=== DATA LISTING ===

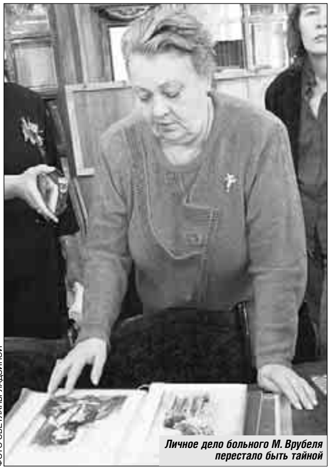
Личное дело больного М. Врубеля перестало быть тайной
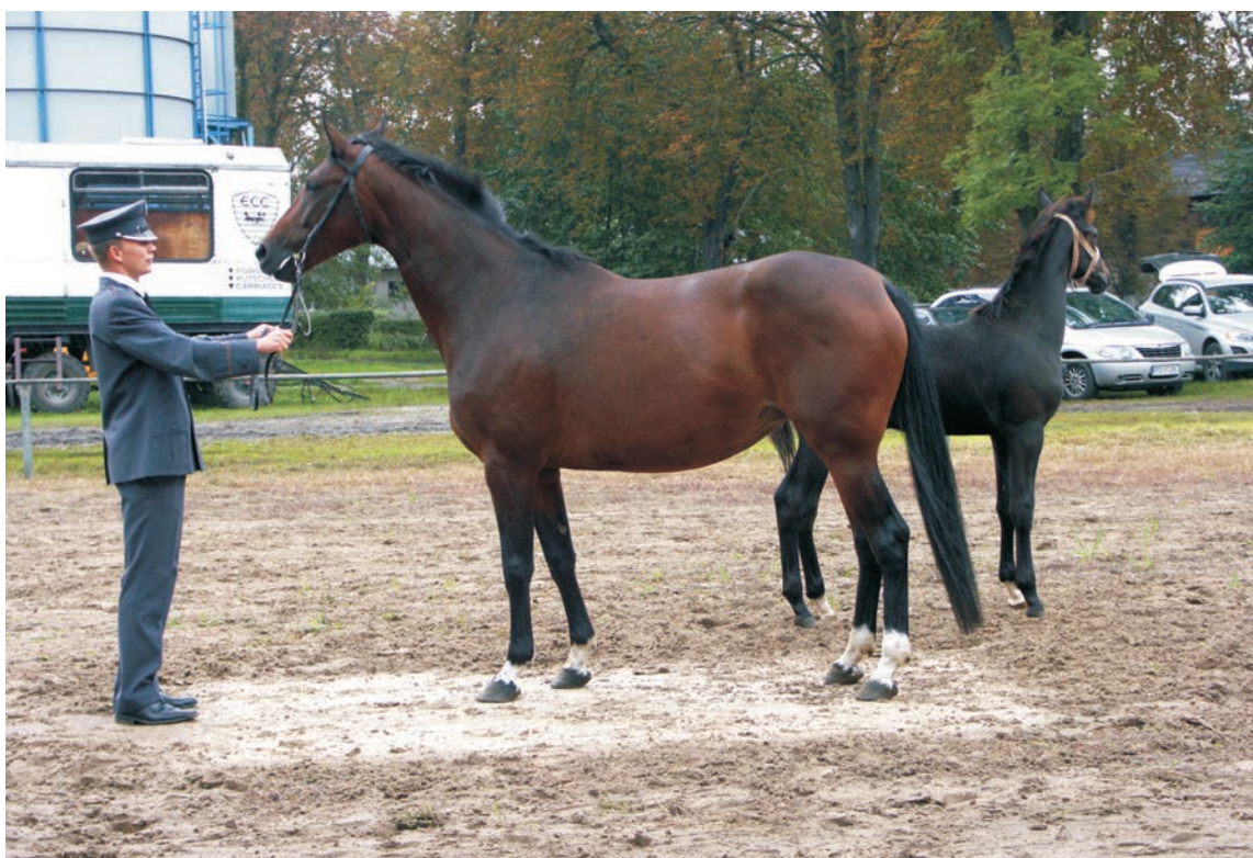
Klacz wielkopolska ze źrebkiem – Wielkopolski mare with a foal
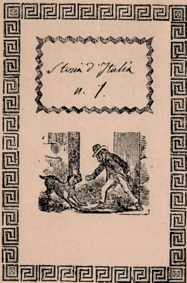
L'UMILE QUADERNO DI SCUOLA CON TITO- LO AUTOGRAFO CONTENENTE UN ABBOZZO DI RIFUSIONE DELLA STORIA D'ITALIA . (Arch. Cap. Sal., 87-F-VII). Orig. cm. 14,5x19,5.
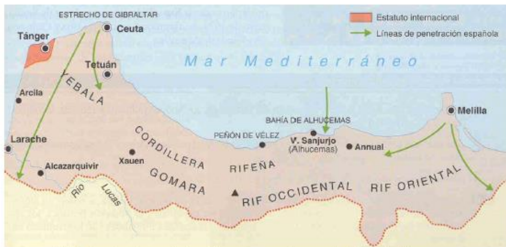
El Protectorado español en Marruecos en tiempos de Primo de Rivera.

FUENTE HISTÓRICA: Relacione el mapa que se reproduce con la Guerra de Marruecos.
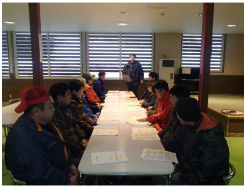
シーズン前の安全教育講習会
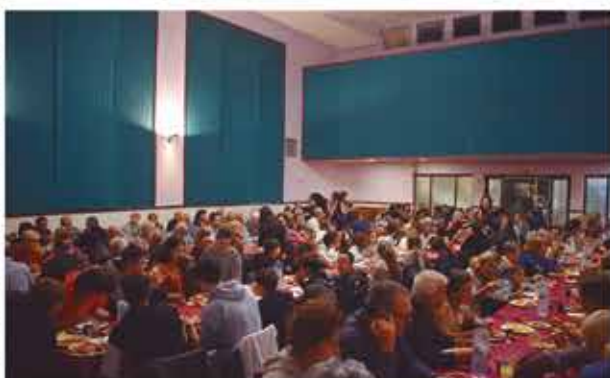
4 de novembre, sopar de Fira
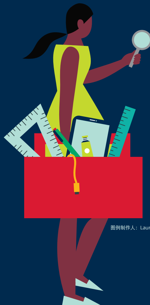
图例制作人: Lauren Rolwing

===
=== DATA LISTING ===

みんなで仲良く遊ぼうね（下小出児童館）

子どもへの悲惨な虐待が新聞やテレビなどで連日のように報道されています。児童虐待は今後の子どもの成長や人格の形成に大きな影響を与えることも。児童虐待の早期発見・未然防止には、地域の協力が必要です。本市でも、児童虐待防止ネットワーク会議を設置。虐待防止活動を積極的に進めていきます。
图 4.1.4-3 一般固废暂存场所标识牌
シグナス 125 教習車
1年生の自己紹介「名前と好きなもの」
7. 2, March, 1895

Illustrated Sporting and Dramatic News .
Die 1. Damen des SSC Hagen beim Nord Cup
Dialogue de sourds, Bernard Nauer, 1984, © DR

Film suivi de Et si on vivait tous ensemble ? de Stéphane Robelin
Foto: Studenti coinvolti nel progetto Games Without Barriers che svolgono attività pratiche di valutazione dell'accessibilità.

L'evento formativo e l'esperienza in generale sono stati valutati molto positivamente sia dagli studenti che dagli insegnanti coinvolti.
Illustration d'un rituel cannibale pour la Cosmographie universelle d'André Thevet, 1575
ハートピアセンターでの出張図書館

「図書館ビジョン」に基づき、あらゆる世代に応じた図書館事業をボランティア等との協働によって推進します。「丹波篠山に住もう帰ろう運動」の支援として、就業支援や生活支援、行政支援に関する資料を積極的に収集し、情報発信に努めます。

===

* **TASK DIRECTIONS**:
Lines from the one above containing "Личное дело больного" down to the one containing "Klacz wielkopolska ze" should be transcribed exactly, with both ends kept and no pictures.

* **RESPONSE AREA**:
Личное дело больного М. Врубеля перестало быть тайной
Klacz wielkopolska ze źrebkiem – Wielkopolski mare with a foal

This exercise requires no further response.